| Parameter | Information |
|---|---|
| Course: | AI in Scientific Data Analysis |
| Part: | 2/2 |
| Duration: | 90 minutes |
| Target Audience: | Master students (non-CS disciplines) |
By the end of this session, you will be able to:
- Understand the difference between local and cloud-based LLMs
- Install and configure Ollama for local LLM usage
- Build a practical "Chat with PDF" application
- Understand the basics of Model Context Protocol (MCP)
{{0-1}}
Recap: Course 1 Example
In Part 1, we built a Code Explainer that used the OpenAI API:
# Required an API key in .env
api_key = os.getenv("OPENAI_API_KEY")
client = OpenAI(api_key=api_key)This approach requires:
- Internet connection
- API key (costs money)
- Sending your code to external servers
What if you're working with sensitive data?
{{1-2}}
The Local Alternative
With local LLMs, the model runs entirely on your computer:
┌─────────────────────────────────────────────────────────────┐
│ Your Computer │
│ ┌─────────────┐ ┌─────────────┐ ┌─────────────┐ │
│ │ Your │ │ Local │ │ Output │ │
│ │ Data │────▶│ LLM │────▶│ Result │ │
│ │ │ │ (Ollama) │ │ │ │
│ └─────────────┘ └─────────────┘ └─────────────┘ │
│ │
│ Nothing leaves your machine! │
└─────────────────────────────────────────────────────────────┘ .
{{2-3}}
Comparison: Cloud vs. Local
| Aspect | Cloud LLMs | Local LLMs |
|---|---|---|
| Privacy | Data sent to external servers | Data stays on your machine |
| Cost | Per-token pricing, subscriptions | Free (hardware cost only) |
| Performance | Fast, powerful models (GPT-4, Claude) | Limited by your hardware |
| Internet | Required | Not required |
| Control | Vendor policies apply | Full control |
| Model Size | Largest available | Fits in your RAM |
{{3-4}}
Quiz: When to Use Local LLMs?
Which scenarios are good candidates for local LLMs?
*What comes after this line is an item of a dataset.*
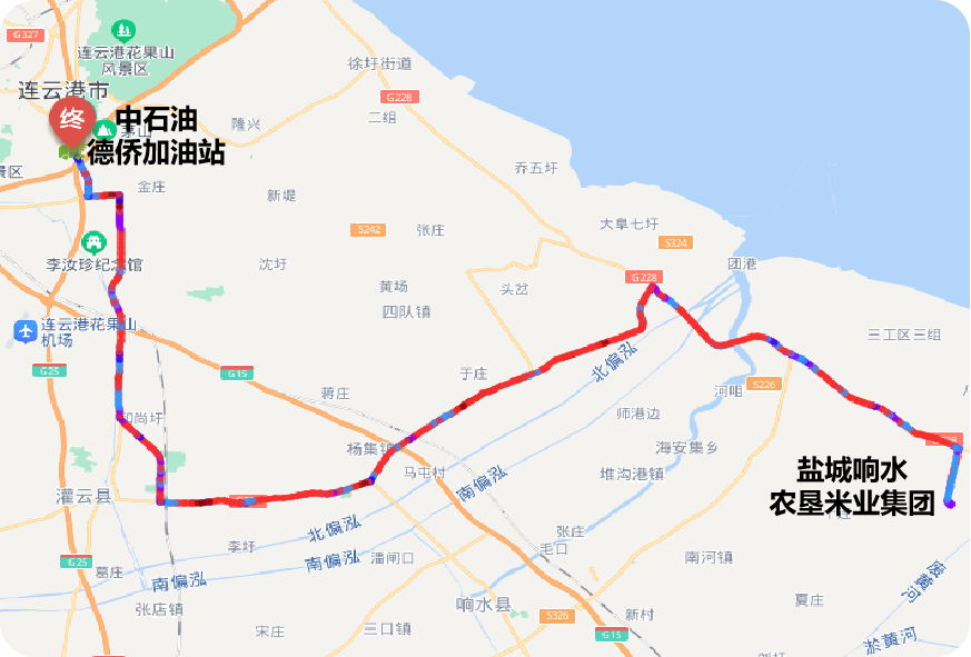 测试路线:德侨加油站—>响水米业—>德侨加油站

- [[X]] Analyzing patient medical records
- [[X]] Processing confidential company data
- [[ ]] Generating marketing copy for a public website
- [[X]] Working in the field without internet
- [[X]] Institutional compliance requires data to stay local
- [[ ]] Need the absolute best performance for a public demo
{{0-1}}
What is Ollama?
Ollama is a tool that makes running local LLMs simple: It wraps different LLM models behind a unified API that runs as a local server on your machine.
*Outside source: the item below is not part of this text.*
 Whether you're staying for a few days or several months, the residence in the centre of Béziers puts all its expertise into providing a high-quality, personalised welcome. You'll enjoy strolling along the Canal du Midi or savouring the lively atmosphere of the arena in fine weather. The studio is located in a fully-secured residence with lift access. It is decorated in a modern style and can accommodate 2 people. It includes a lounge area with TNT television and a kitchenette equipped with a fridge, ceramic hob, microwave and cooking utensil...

- One-command installation
- Easy model downloading
- Simple API (similar to OpenAI)
- Runs on Windows, Mac, and Linux
Website: https://ollama.ai
Note: Ollama is not the only option for running local LLMs. Other popular projects include Hugging Face Transformers, LM Studio, llama.cpp, and vLLM.
{{1-2}}
Installation
Linux:
curl -fsSL https://ollama.ai/install.sh | shmacOS:
# Download from https://ollama.ai/download
# Or use Homebrew:
brew install ollamaWindows:
Download the installer from https://ollama.ai/download
{{2-3}}
Basic Usage
# Start Ollama server (runs in background)
ollama serve
# Download and run a model
ollama run llama3.2
# List available models
ollama list
# Pull a specific model
ollama pull mistral
ollama pull nomic-embed-text # For embeddingsInteractive Chat:
>>> Hello, who are you?
I'm Llama, an AI assistant created by Meta. How can I help you today?
>>> Explain photosynthesis briefly.
Photosynthesis is the process plants use to convert sunlight, water,
and CO2 into glucose and oxygen...
{{3-4}}
Model Selection Based on Hardware
| RAM | Recommended Models | Use Case |
|---|---|---|
| 8 GB | llama3.2:1b, phi3:mini |
Simple tasks, quick responses |
| 16 GB | llama3.2:3b, mistral |
General purpose, good quality |
| 32 GB | llama3.1:8b, codellama |
Complex tasks, coding |
| 64+ GB | llama3.1:70b |
Research, high quality |
GPU Acceleration:
- NVIDIA GPU: Automatic CUDA support
- Apple Silicon (M1/M2/M3): Excellent performance with Metal
- AMD GPU: ROCm support on Linux
{{4-5}}
Python Integration
import ollama
# Simple chat
response = ollama.chat(
model='llama3.2',
messages=[
{'role': 'user', 'content': 'What is DNA?'}
]
)
print(response['message']['content'])No API key needed! The model runs locally.
{{5-6}}
Adding Context with System Prompts
Use the system role to provide instructions or context that guides the model's behavior:
from ollama import Client
# Connect to Ollama (default: localhost:11434)
client = Client(host='http://localhost:11434')
response = client.chat(
model='llama3.2',
messages=[
{
'role': 'system',
'content': 'You are a biology expert. Explain concepts '
'at an undergraduate level. Be concise.'
},
{
'role': 'user',
'content': 'What is DNA?'
}
]
)
print(response['message']['content'])The system prompt sets the context, persona, or constraints for the entire conversation.
Demo: Try modifying the system prompt to see how it affects the response!
{{6-7}}
Multi-Turn Conversations
Maintain conversation history by including previous messages:
import ollama
# Start a conversation
messages = [
{'role': 'system', 'content': 'You are a helpful science tutor.'}
]
# First turn
messages.append({'role': 'user', 'content': 'What is DNA?'})
response = ollama.chat(model='llama3.2', messages=messages)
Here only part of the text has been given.